J Chrom Sci, bmad055 (2022). Standards of antiglycemic drugs were metformin hydrochloride (S1, a biguanide), glibenclamide (S2 = glyburide, a sulfonylurea), pioglitazone hydrochloride (S3, a thiazolidinedione), repaglinide (S4, a glinide). Samples were methanolic solutions of commercial tablets of S1 with each of the other molecules. The following method was developed by a software-assisted AQbD approach (analytical quality by design): (1) Several TLC separations were tried with toluene together with other solvents and with acidic or basic modifiers, with also variations of 24 method or instrumental parameters. (2) Principal component analysis (PCA) was performed in order to identify two principal components (PCs) responsible for 98 % of the observed variations: namely, resolution and tailing factor. Three critical method parameters (CMPs) had a statistically significant impact on the PCs: mobile phase (MP) composition, ammonium acetate concentration in MP, and saturation time. (3) To optimize these CMPs, the Box–Behnken design was implemented in 15 software-proposed experiments; the impacts of the 3 CMPs on the 2 PCs were evaluated by ANOVA, multiple regression analysis, and 2D and 3D contour plots. (4) The optimal CMPs ranges were determined by defining a MODR (method operable design region) on the superposed contour plots, and one TLC condition was selected as analytical control point.

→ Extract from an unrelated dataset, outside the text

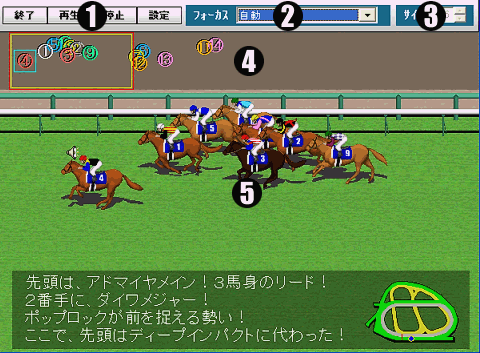 (1) 「停止」…レースを一時停止します。 「設定」VTR機能の設定を行います。 再生・停止は、画面上(4)(5)をクリックすることでも行えます。 レース開始(出走馬表示中)、VTR機能終了(レース結果表示中)の操作は、画面上(4)(5)をクリックすることでも行えます。全頭数の1/3以上がゴールした時点で、画面上(4)(5)をクリックするとレース結果の表示にスキップします。 (2) (3) (4) (5) 馬画像の上には以下のマークが表示されます。 設定「設定」 ボタンをクリックすると、設定ウインドウが開きます。終了確認を行う スタート前に出走馬名表を表示する 選択馬を初期フォーカスにする 馬名に馬番を追加して表示する ウエイト 注意点レースシミュレーションの経過・結果は、毎回少しずつ異なります。 VTR機能を使用するには、成績データが必要です。 障害レース、または初出走馬が多数いるレースなど、予想対象外のレースでは、シミュレーションを行うことができません。 VTR機能のレース内容は、実際のレースとは経過が異なる場合があります。 障害レース、19頭以上、または3頭以下のレースは、VTR機能を使用することができません。 コースデータは、2007年2月現在のものです。 ゴール板画像は、実際のものと異なる競馬場があります。 必要な画像ファイルが存在しないと、「ファイル ○○.bmp は開けません。」と表示されます。 |

TLC on silica gel pre-washed with 10 mL methanol, dried and activated 10 min at 100° C. Separation with toluene – ethyl acetate – methanolic solution of 4 % ammonium acetate 7:7:6 after 15 min pre-saturation with 35 % relative humidity. Absorption emasurement at UV 254 nm. The hRF values were 13 for S1, 72 for S2, 82 for S3, 38 for S4. LOQ were 263, 387, 73 and 35 ng/zone, respectively. Linearity range was 25–75 µg/zone for S1, 100–300 ng/zone for S2 and S4, 750–2250 ng/zone for S3. Intermediate precision was below 2 %. For accuracy tests, recovery rates were between 97.6–101.4 %.